Available formats for this video:

Actual format may change based on video formats available and browser capability.

    The Discussion

    • Chadk
      This is awesome. I would love to see much more like this. 

      It was interesting how to see how you could find information from the memory dump.
    • stevo_
      I was just wondering today, what would happen if the 'code' that handles the bsod.. crashed? like, what if my processor was on last legs and caused an execution fault?
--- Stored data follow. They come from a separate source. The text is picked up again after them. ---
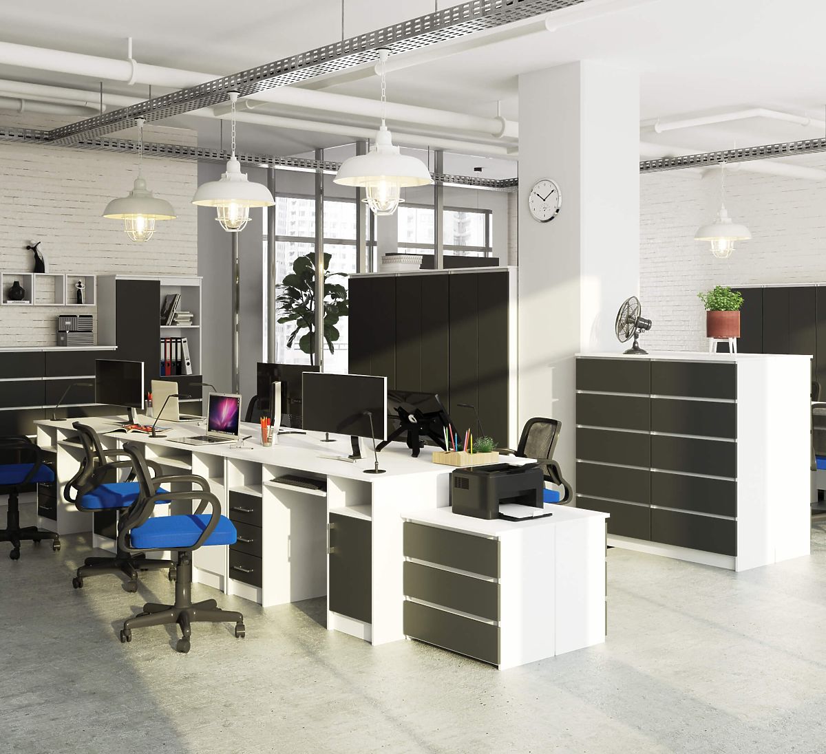 Počítačový stôl ANA 124 cm vďaka klasickej kombinácii bielej a grafitovo šedej farby ľahko zapadne do každého interiéru. Bol navrhnutý s ohľadom na kancelárske priestory a pracovne. Hodí sa tiež do izby tínedžera. Na doske stola je veľa miesta – môžete na ňu umiestniť monitor a ďalšie nevyhnutné pracovné predmety podľa potreby. Pre klávesnicu je tu samostatná výsuvná polica. Stôl ponúka veľké množstvo priestoru pre ľubovoľné usporiadanie: dve výklenky, tri zásuvky a skrinku s policou. Celá konštrukcia je vyrobená z laminovanej dosky, ktorá je ľahko udržiavateľná a odolná proti oderu. Stôl ANA je elegancia, funkčnosť a solídnosť v jednom.
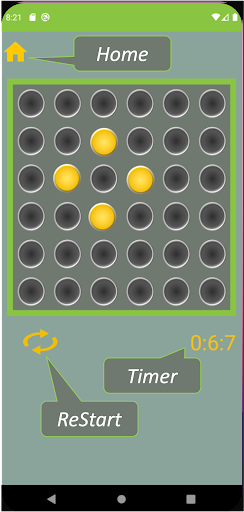 You have to turn off all the turned on lights by pressing the lights according to the game rule that in case you press any of the light the status of the surrounded light will change as well, the turned light can be turned off, the turned off light can be turned on and the pressed on light can’t be altered
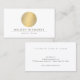 An abstract faux gold circle motif created from an etched pattern is combined with your name or business name to create a modern logo motif on this clean and refined business card design. The simple gold circle lends itself well to creative fields (interior designers, decorators, artists), or professional fields for added identity on your cards. Art and design © 1201AM CREATIVE / www.1201am.com
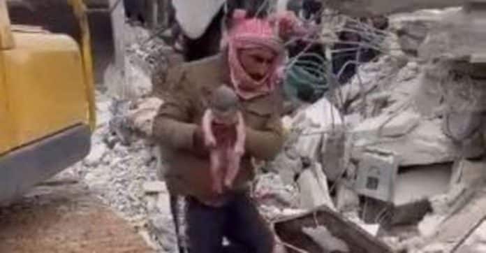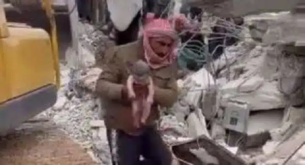 Pouco depois, um vídeo publicado nas redes sociais mostra um homem carregando um bebê nu e coberto de poeira pelos escombros, com o cordão umbilical ainda pendurado.
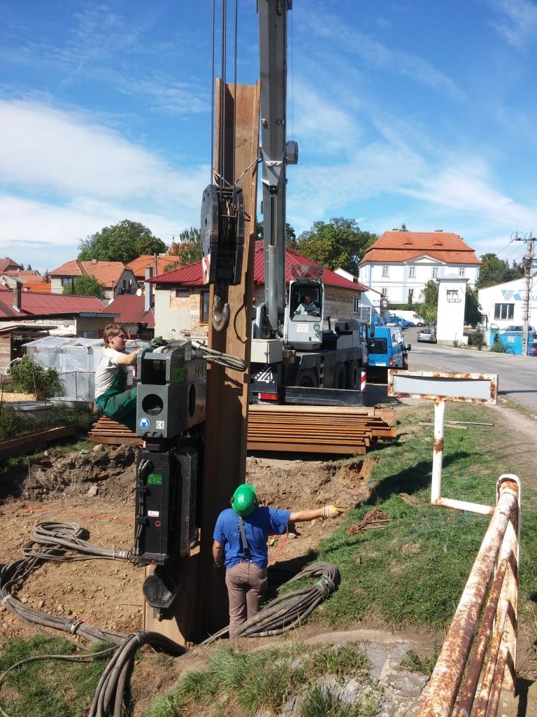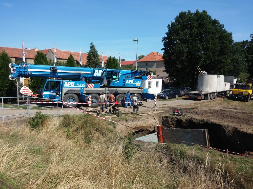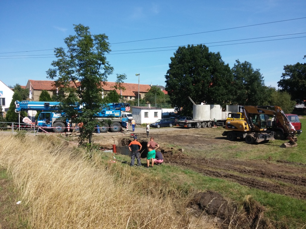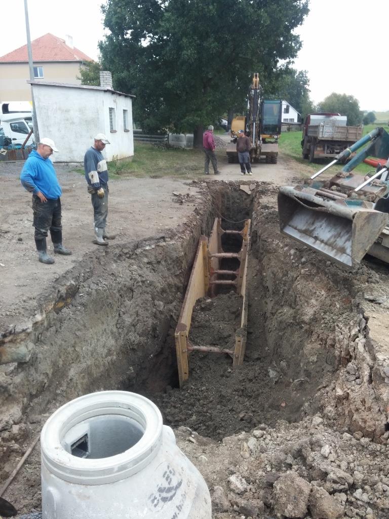 Dnes, tj. 16.9.2015 firma začala s přípravou protlaku pod okresní komunikací před mostkem ve směru na Hostomice. Je potřeba vyhloubit pracovní šachtu, ze které bude protlak prováděn. Vzhledem k tomu, že na místě byly obavy ze sesunů půdy, musela firma přistoupit k nadstandardnímu řešení vyztužení boků ocelovými vzpěrami - viz. část fotogalerie. Věříme, že další postup při výstavbě kanalizace již bude bez větších problémů.
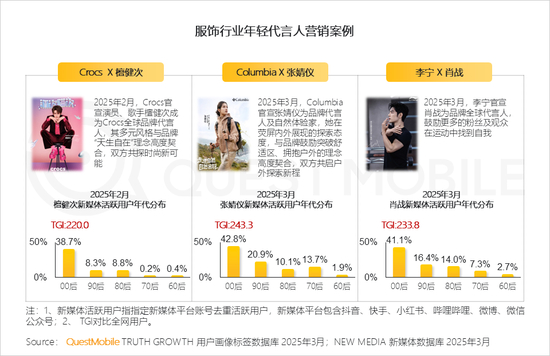 2、高线城市00后用穿搭表达个性,偏好“松弛感+功能潮酷”,品牌通过年轻代言人等方式重构年轻市场认知
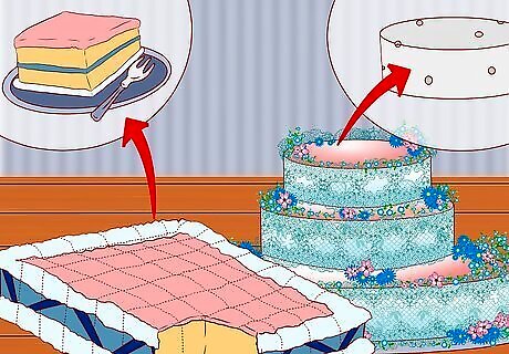 Use a display cake. Ask your baker to make a one or two-tier cake for you to cut and bake a sheet cake to serve to your guests. You could save about 20% per slice if you use this method. The cake table will be a little empty because your cake is small, but think of this as an opportunity to decorate your table. The table can be decorated with flowers, candles, or a beautiful table cloth. You can also get a decorated base board from your baker.
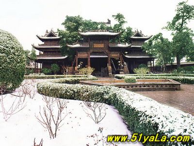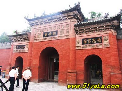 前行有午門.是一座面闊五間,單檐廡殿頂、石雕回廊的廳式建筑。周圍有石欄桿,欄板正反兩面浮雕各類圖案、人物144幅,洋洋大觀,頗有童趣。廳內南有周倉、廖化畫像,軒昂威武。北面左右兩側,彩繪著關羽戎馬一生的主要經歷,起于桃園三結義,止于水淹七軍,只是沒有走麥城這個情節,在全國關廟壁畫中都按此進行,據說這是因忌諱關羽自高自大而被殺,終于造成蜀國的覆滅而隱去的。穿過午門,經“山海鐘靈”坊、御書樓,便是關帝廟主體建筑崇寧殿。
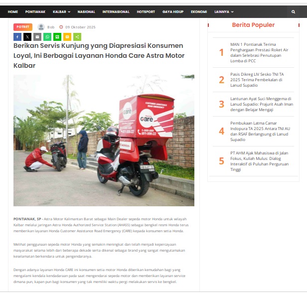 Berikan Servis Kunjung yang Diapresiasi Konsumen Loyal, Ini Berbagai Layanan Honda Care Astra Motor Kalbar by masmul 9 Oktober 2025 in Silahkan kunjungi https://www.suarapemredkalbar.com/read/potret/09102025/berikan-servis-kunjung-yang-diapresiasi-konsumen-loyal-ini-berbagai-layanan-honda-care-astra-motor-kalbar. You Might Like Regional Public Launching New ADV160 The SUV Pride Grand Launching New PCX 160 Truly Exceptional! Tetap hati-hati ya bro sist berkendara saat hujan.
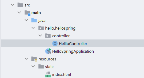 패키지 안에 HelloController.java를 하나 만들어주는데 이렇게 하면 웹에서 hello라고 들어오면 Spring 기능인 @GetMapping 어노테이션 부분의 메서드를 호출해준다.
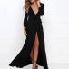 Where stylish,flirty and feminine vibes collide - this dress is just the thing you need for the fancy events. Comes a flattering black tone,the deep v-neck and slit hem design will make you look more alluring. We suggest you matching with your sexy heels and rouged lips for a stunning party look!
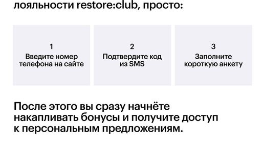 restore:club — это бонусы, скидки и подарки, которые растут с каждой покупкой. Чем больше покупок — тем выше уровень и больше привилегий. В карточках — о каждом уровне и о том, как стать участником клуба...
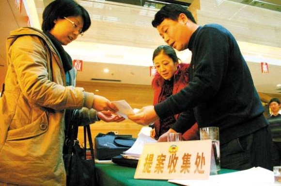 1月20日下午,参加聊城市政协十一届四次会议的政协委员陆续报到,并提交提案。图为:政协委员吴国芳(左)在提交《关于在市区红绿灯处设置倒计时秒表的建议》的提案。 本报记者 邹俊美 摄
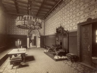 Exhibition photograph - a royal reception hall with a throne platform in the building of the historic main group of the Millennial Exhibition
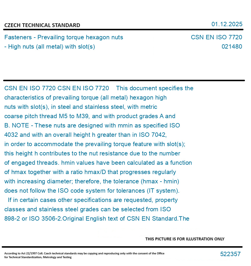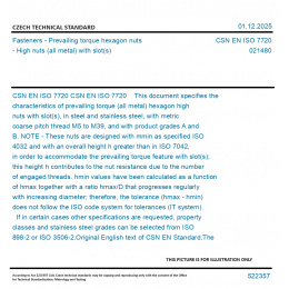 CSN EN ISO 7720 This document specifies the characteristics of prevailing torque (all metal) hexagon high nuts with slot(s), in steel and stainless steel, with metric coarse pitch thread M5 to M39, and with product grades A and B. NOTE - These nuts are designed with mmin as specified ISO 4032 and with an overall height h greater than in ISO 7042, in order to accommodate the prevailing torque feature with slot(s); this height h contributes to the nut resistance due to the number of engaged threads. hmin values have been calculated as a function of hmax together with a ratio hmax/D that progresses regularly with increasing diameter; therefore, the tolerance (hmax - hmin) does not follow the ISO code system for tolerances (IT system). If in certain cases other specifications are requested, property classes and stainless steel grades can be selected from ISO 898-2 or ISO 3506-2. Original English text of CSN EN Standard. The price of the Standard included all amendments and correcturs.
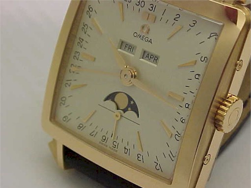 IWC 18K Y.GOLD NOVECENTO A MINT CONDITION, just serviced (Dec 2011) complicated wristwatch with very simple design, By IWC. It is also the FIRST rectangular AUTOMATIC PERPETUAL CALENDAR ever made. Most perpetual calendar watches have correctors/pushers at the side of the watch for quickset/corrections purposes and require some skills & care when you want to change the date etc. This is an early example of solution to the above headache, as all changes are made through the crown...quite an interesting piece. I personally like the rectangular case exuding the simplest dial construction in a perpetual calendar wristwatch you can find, add variation to your other circular cased perpetual calendar moonphases......
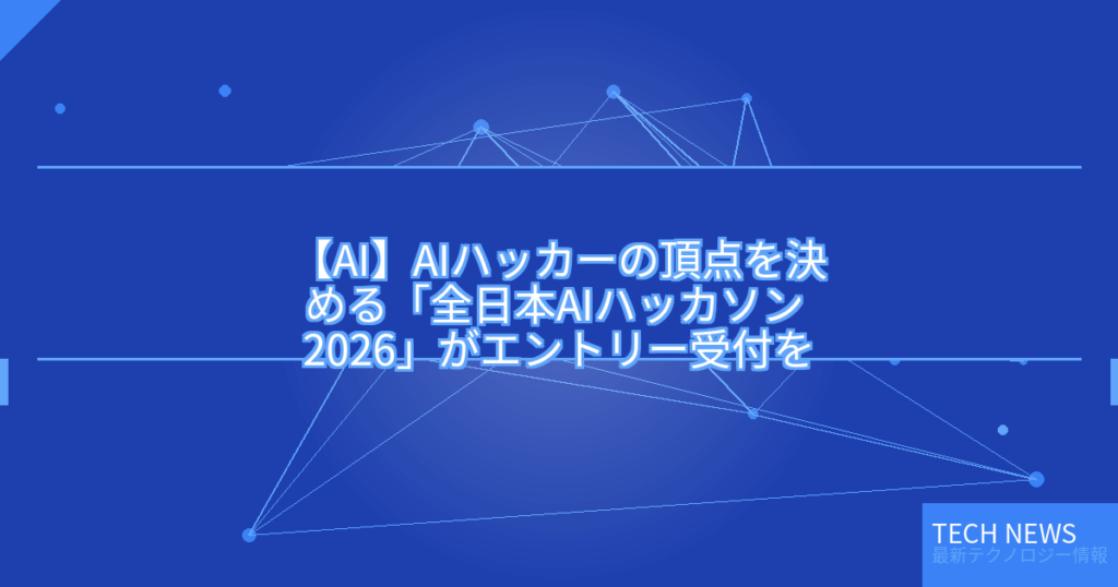 【AI】AIハッカーの頂点を決める「全日本AIハッカソン 2026」がエントリー受付を開始/オンライン・オフラインで予選を開催、現在東京会場の参加者を受付中

      Let me guess, something really boring like everything going blank, or my computer restarting (or not)?
    • Charles
      I've had something like this happen to my machine twice in the last two days. There's some sort of kernel crash that causes the system to reboot - with no telemetry whatsoever. Certainly a critical system failure, but the system is unable to record any data before restarting.

    • PerfectPhase

      If this sort of thing is of intreast to you, this is a must see Sysinternals Video Library

    • karnokd
      Nice video. However, I never understood why there aren't any minidump created in case the swap file is moved to a differend partition/hard disk in WinXP? (In my case, I play 3D games and the videocard driver sometimes crashes my system and I cannot hope to send that crash dump to its manufacturer.)
    • tomkirbygre​en
      Hardcore! Smiley Nice to see some close to the metal stuff in with all the managed goodness. Helps keep us honest as developers Wink
    • stevo_

      That doesn't sound good charles Wink.. I was interested because.. if theres no one "there" ie, the kernel itself doing its bugcheck code has crashed out due to a hardware fault.. does my system just sit there... I assume I'd still have display because the gpu would just be outputting the last buffer it was given?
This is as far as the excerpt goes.